> **Exercise materials**
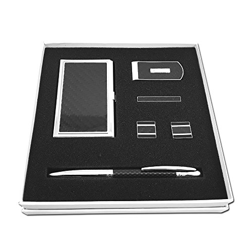 -. Feature : • A COMPLETE SET FOR ANY PROFESSIONAL: If just started working in an office this set will provide you with all you need to make the best impressions. Including a pen, money clip, bar tie, cufflinks and business card holder of exquisite design make sure that you have all the essentials you need to have a bright start to your new office! / • ELEGANT DESIGN & UTMOST QUALITY: These handy accessories have carbon fiber details and chrome finish, that makes them look just stunning. Thanks to their high quality make sure that all the pieces of this set will retain their shine and amazing appearance for years. / • SAVE YOURSELF MONEY & TIME: This unique set by SHOPTOTUM will provide with all you need. You have your office supplies, all your suit accessories and more must-have products combined in a beautiful set, in an unbeatable P.R.Ice. Buying each piece separately would require you to place multiple orders and definitely spend more money! / • THE PERFECT PRESENT IDEA FOR HIM: If you are in the pursuit of a great present for your beloved ones, you are looking in the right place. This beautiful set would definitely impress any man! Offer this gift box and make sure that you will be remembered for your choice! / • GET IT WITH CONFIDENCE: SHOPTOTUM's top P.R.Iority is your satisfaction. Backed up with a full money-back-satisfaction guarantee, you have nothing to worry about. Just try it and make sure you will love it!
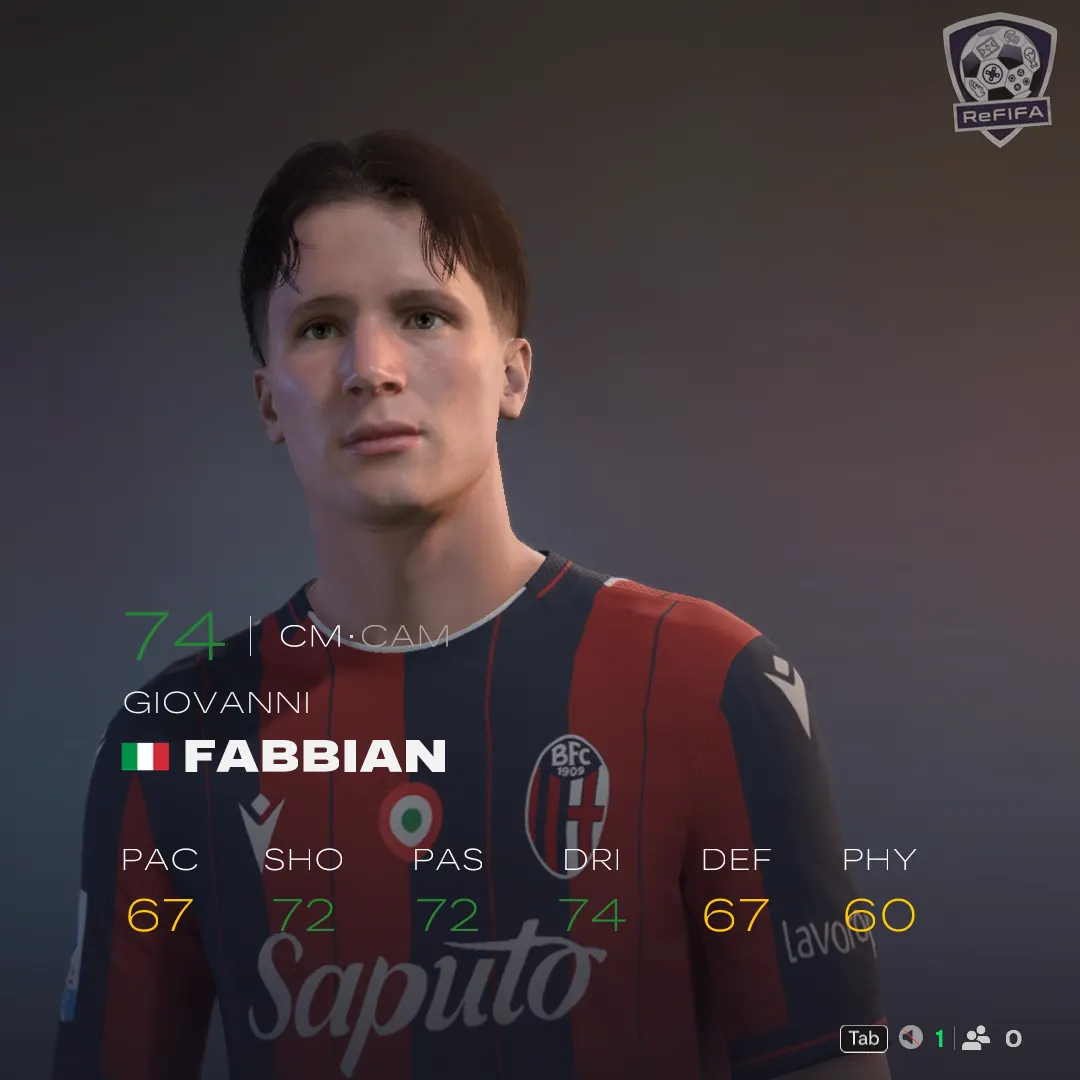 Fabbian, aged 22, is one of Bologna’s most promising young stars. The central midfielder has a 74 overall and 83 potential.
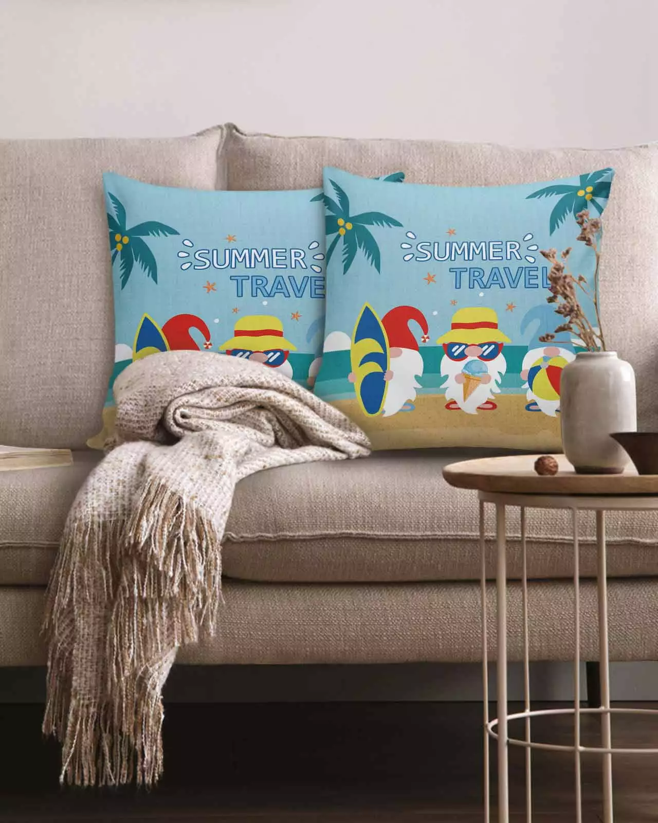 Tropical Beach Gnome 18×18 Pillow Covers Set of 2. Palm Tree Decorations Outdoor Throw Pillow Covers. Cotton Linen Square Pillowcases for Patio Sofa Couch Bedroom Decorative
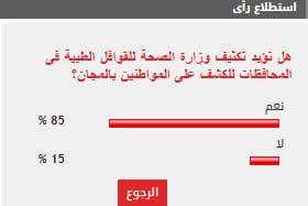وأيد 85% من القراء مطالب تكثيف وزارة الصحة للقوافل الطبية فى المحافظات للكشف على المواطنين بالمجان، بينما عارض 15% من القراء مطالب تكثيف وزارة الصحة للقوافل الطبية فى المحافظات للكشف على المواطنين بالمجان.
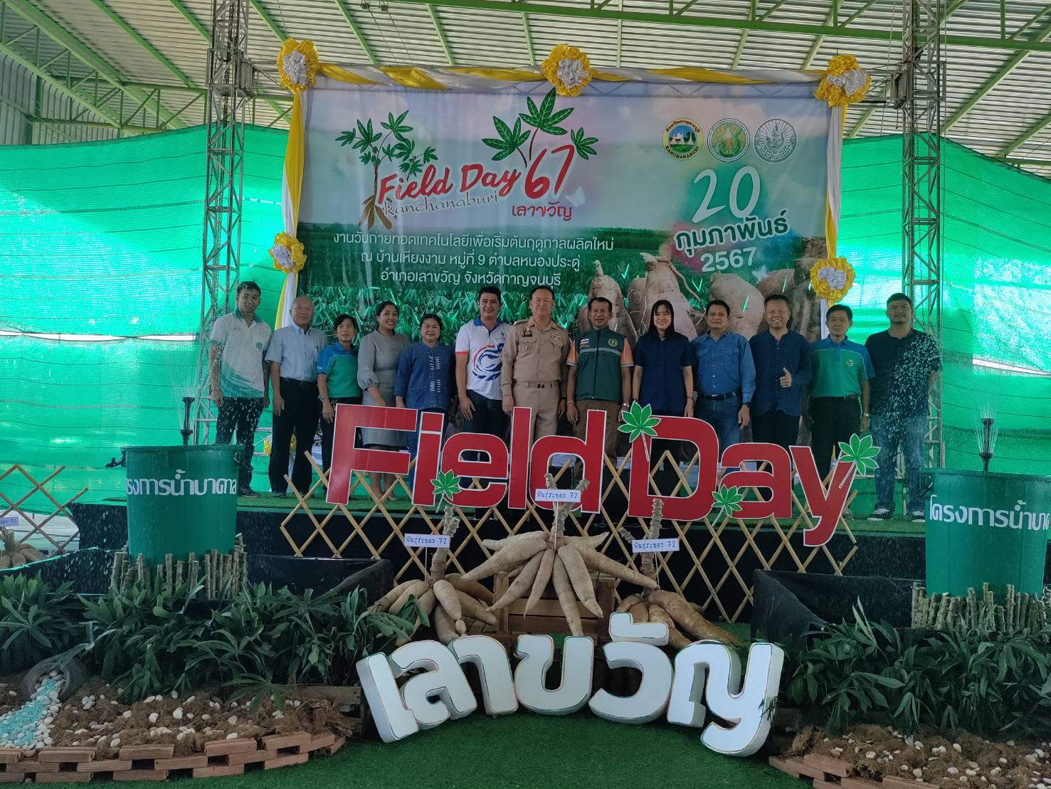 เมื่อวันที่ 20 กุมภาพันธ์ 2567 สำนักงานประมงจังหวัดกาญจนบุรี  โดยนางสาวธิดาวรรณ  โพธิ์เพ็ชร หัวหน้ากลุ่มบริหารจัดการด้านการประมง รักษาราชการแทน ประมงจังหวัดกาญจนบุรี มอบหมายให้ นายเติมศักดิ์  คงสำราญ หัวหน้ากลุ่มพัฒนาและส่งเสริมอาชีพการประมง และนายจักรกฤษ์  ธรรมฤทธิ์ นักวิชาการประมง เข้าร่วมงานวันถ่ายทอดเทคโนโลยีเพื่อเริ่มต้นฤดูกาลผลิตใหม่ (Field Day) ประจำปีงบประมาณ พ.ศ. 2567 โดยมีวัตถุประสงค์เพื่อเป็นการกระตุ้นให้เกษตรกรเริ่มต้นการผลิตในปีการเพาะปลูกใหม่ โดยใช้เทคโนโลยีและภูมิปัญญาที่เหมาะสมกับพื้นที่ การบริหารจัดการน้ำด้วยเกษตรอัจฉริยะ ณ แปลงใหญ่มันสำปะหลัง บ้านเหียงงาม หทู่ที่ 9 ตำบลหนองประดู่ อำเภอเลาขวัญ จังหวัดกาญจนบุรี โดยมีนายวีระศักดิ์  สุขทอง เกษตรจังหวัดกาญจนบุรี เป็นประธานในพิธีฯ
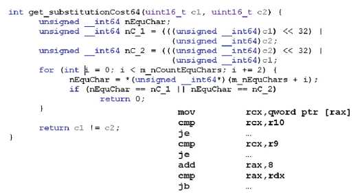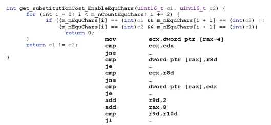 Первая оптимизация была связана с вычислением функции substCost(s, c). В реализации алгоритма создавались глобальные (соответствующие документу в целом) и локальные (соответствующие одному слову) таблицы эквивалентности символов, s ≠ c для которых substCost(s, c) = 0. При сравнении двух символов проводился поиск в таблице эквивалентности m_nEquChars, имеющий целый 32-разрядный тип, этих символов с учетом перестановки. При профилировании на компьютере Intel(R) Core(TM) i7–4790 CPU3.60 GHz, 16,0 GB, Windows 7 prof 64-bit с помощью ПО MVS Analizer и Intel VTune [15] функция substCost определилась как “горячая точка”. Исходный и ассемблерный коды представлены на рис. 1.
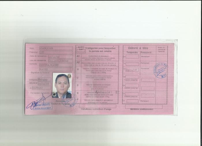 咸阳驾照翻译公司 咸阳车管所指定翻译公司 马里驾照翻译模版

> **Instructions to follow**
Reproduce all of the data exactly; the pictures do not belong in the copy.

> **Exercise answer**
 -. Feature : • A COMPLETE SET FOR ANY PROFESSIONAL: If just started working in an office this set will provide you with all you need to make the best impressions. Including a pen, money clip, bar tie, cufflinks and business card holder of exquisite design make sure that you have all the essentials you need to have a bright start to your new office! / • ELEGANT DESIGN & UTMOST QUALITY: These handy accessories have carbon fiber details and chrome finish, that makes them look just stunning. Thanks to their high quality make sure that all the pieces of this set will retain their shine and amazing appearance for years. / • SAVE YOURSELF MONEY & TIME: This unique set by SHOPTOTUM will provide with all you need. You have your office supplies, all your suit accessories and more must-have products combined in a beautiful set, in an unbeatable P.R.Ice. Buying each piece separately would require you to place multiple orders and definitely spend more money! / • THE PERFECT PRESENT IDEA FOR HIM: If you are in the pursuit of a great present for your beloved ones, you are looking in the right place. This beautiful set would definitely impress any man! Offer this gift box and make sure that you will be remembered for your choice! / • GET IT WITH CONFIDENCE: SHOPTOTUM's top P.R.Iority is your satisfaction. Backed up with a full money-back-satisfaction guarantee, you have nothing to worry about. Just try it and make sure you will love it!
 Fabbian, aged 22, is one of Bologna’s most promising young stars. The central midfielder has a 74 overall and 83 potential.
 Tropical Beach Gnome 18×18 Pillow Covers Set of 2. Palm Tree Decorations Outdoor Throw Pillow Covers. Cotton Linen Square Pillowcases for Patio Sofa Couch Bedroom Decorative
وأيد 85% من القراء مطالب تكثيف وزارة الصحة للقوافل الطبية فى المحافظات للكشف على المواطنين بالمجان، بينما عارض 15% من القراء مطالب تكثيف وزارة الصحة للقوافل الطبية فى المحافظات للكشف على المواطنين بالمجان.
 เมื่อวันที่ 20 กุมภาพันธ์ 2567 สำนักงานประมงจังหวัดกาญจนบุรี  โดยนางสาวธิดาวรรณ  โพธิ์เพ็ชร หัวหน้ากลุ่มบริหารจัดการด้านการประมง รักษาราชการแทน ประมงจังหวัดกาญจนบุรี มอบหมายให้ นายเติมศักดิ์  คงสำราญ หัวหน้ากลุ่มพัฒนาและส่งเสริมอาชีพการประมง และนายจักรกฤษ์  ธรรมฤทธิ์ นักวิชาการประมง เข้าร่วมงานวันถ่ายทอดเทคโนโลยีเพื่อเริ่มต้นฤดูกาลผลิตใหม่ (Field Day) ประจำปีงบประมาณ พ.ศ. 2567 โดยมีวัตถุประสงค์เพื่อเป็นการกระตุ้นให้เกษตรกรเริ่มต้นการผลิตในปีการเพาะปลูกใหม่ โดยใช้เทคโนโลยีและภูมิปัญญาที่เหมาะสมกับพื้นที่ การบริหารจัดการน้ำด้วยเกษตรอัจฉริยะ ณ แปลงใหญ่มันสำปะหลัง บ้านเหียงงาม หทู่ที่ 9 ตำบลหนองประดู่ อำเภอเลาขวัญ จังหวัดกาญจนบุรี โดยมีนายวีระศักดิ์  สุขทอง เกษตรจังหวัดกาญจนบุรี เป็นประธานในพิธีฯ
 Первая оптимизация была связана с вычислением функции substCost(s, c). В реализации алгоритма создавались глобальные (соответствующие документу в целом) и локальные (соответствующие одному слову) таблицы эквивалентности символов, s ≠ c для которых substCost(s, c) = 0. При сравнении двух символов проводился поиск в таблице эквивалентности m_nEquChars, имеющий целый 32-разрядный тип, этих символов с учетом перестановки. При профилировании на компьютере Intel(R) Core(TM) i7–4790 CPU3.60 GHz, 16,0 GB, Windows 7 prof 64-bit с помощью ПО MVS Analizer и Intel VTune [15] функция substCost определилась как “горячая точка”. Исходный и ассемблерный коды представлены на рис. 1.
 咸阳驾照翻译公司 咸阳车管所指定翻译公司 马里驾照翻译模版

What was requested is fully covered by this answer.